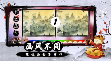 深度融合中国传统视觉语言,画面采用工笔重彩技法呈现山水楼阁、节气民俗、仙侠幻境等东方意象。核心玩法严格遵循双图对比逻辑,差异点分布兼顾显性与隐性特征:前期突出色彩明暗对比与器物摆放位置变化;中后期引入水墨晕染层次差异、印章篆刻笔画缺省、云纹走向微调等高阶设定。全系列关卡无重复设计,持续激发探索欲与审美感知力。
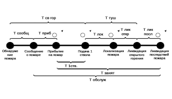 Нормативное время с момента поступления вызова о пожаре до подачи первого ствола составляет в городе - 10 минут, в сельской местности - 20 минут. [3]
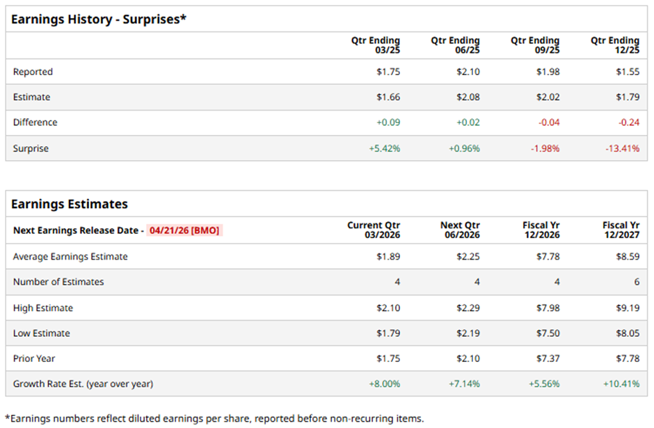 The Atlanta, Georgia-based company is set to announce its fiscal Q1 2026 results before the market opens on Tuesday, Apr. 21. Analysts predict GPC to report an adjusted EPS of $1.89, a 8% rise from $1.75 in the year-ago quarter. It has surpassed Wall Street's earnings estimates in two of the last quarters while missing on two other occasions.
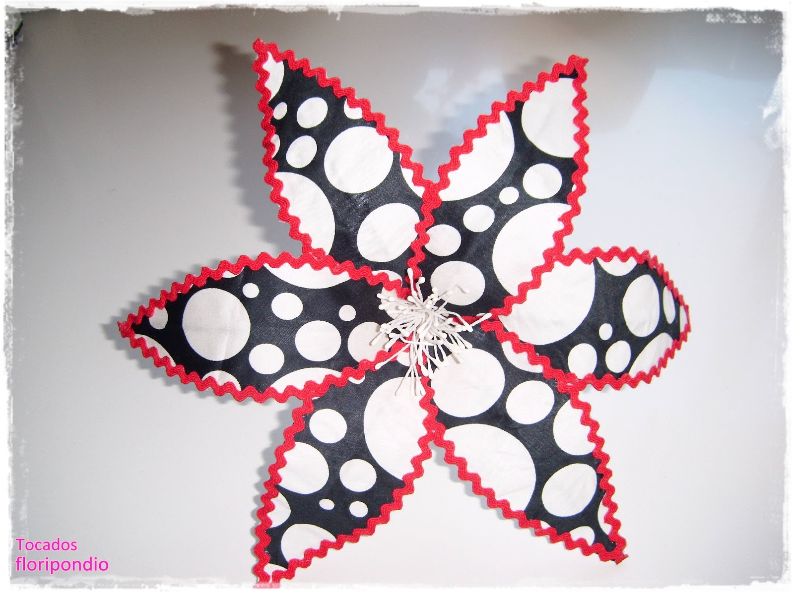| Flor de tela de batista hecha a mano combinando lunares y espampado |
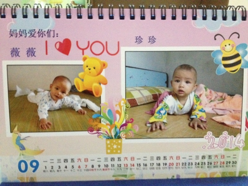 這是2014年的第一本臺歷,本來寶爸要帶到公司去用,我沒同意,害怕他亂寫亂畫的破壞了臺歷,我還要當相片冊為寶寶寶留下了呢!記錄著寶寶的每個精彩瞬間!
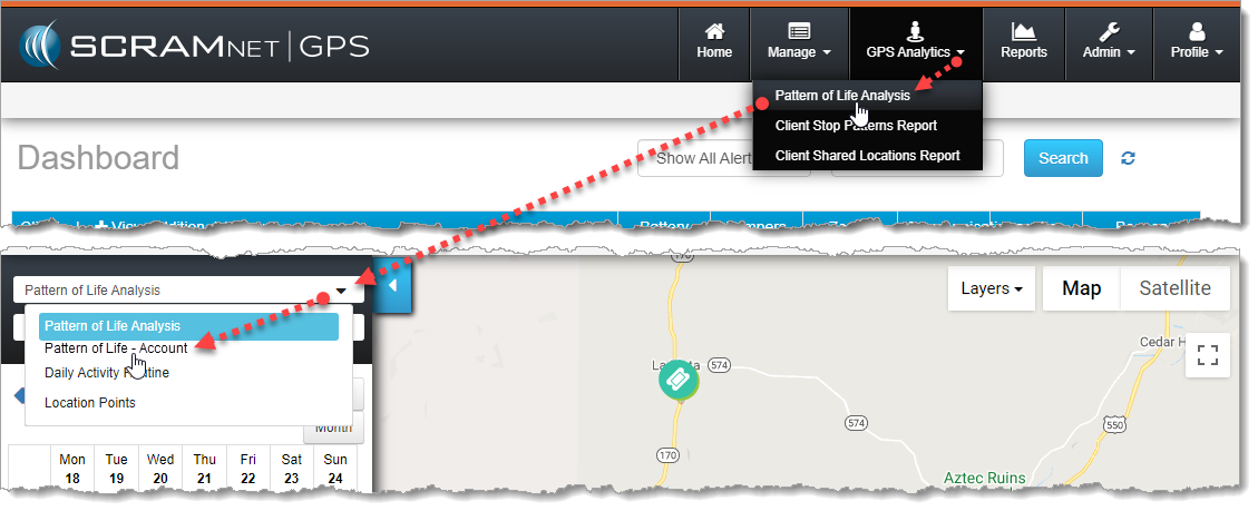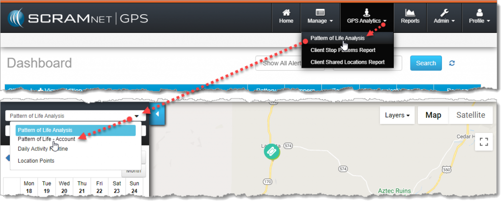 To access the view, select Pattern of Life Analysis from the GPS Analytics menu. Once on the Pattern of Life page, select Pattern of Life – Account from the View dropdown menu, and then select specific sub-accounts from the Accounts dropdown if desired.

* [Exercise goal] Pictures are to be left out; please print the rest of the records above word for word.

* [Exercise output]
 深度融合中国传统视觉语言,画面采用工笔重彩技法呈现山水楼阁、节气民俗、仙侠幻境等东方意象。核心玩法严格遵循双图对比逻辑,差异点分布兼顾显性与隐性特征:前期突出色彩明暗对比与器物摆放位置变化;中后期引入水墨晕染层次差异、印章篆刻笔画缺省、云纹走向微调等高阶设定。全系列关卡无重复设计,持续激发探索欲与审美感知力。
 Нормативное время с момента поступления вызова о пожаре до подачи первого ствола составляет в городе - 10 минут, в сельской местности - 20 минут. [3]
 The Atlanta, Georgia-based company is set to announce its fiscal Q1 2026 results before the market opens on Tuesday, Apr. 21. Analysts predict GPC to report an adjusted EPS of $1.89, a 8% rise from $1.75 in the year-ago quarter. It has surpassed Wall Street's earnings estimates in two of the last quarters while missing on two other occasions.
| Flor de tela de batista hecha a mano combinando lunares y espampado |
 這是2014年的第一本臺歷,本來寶爸要帶到公司去用,我沒同意,害怕他亂寫亂畫的破壞了臺歷,我還要當相片冊為寶寶寶留下了呢!記錄著寶寶的每個精彩瞬間!
 To access the view, select Pattern of Life Analysis from the GPS Analytics menu. Once on the Pattern of Life page, select Pattern of Life – Account from the View dropdown menu, and then select specific sub-accounts from the Accounts dropdown if desired.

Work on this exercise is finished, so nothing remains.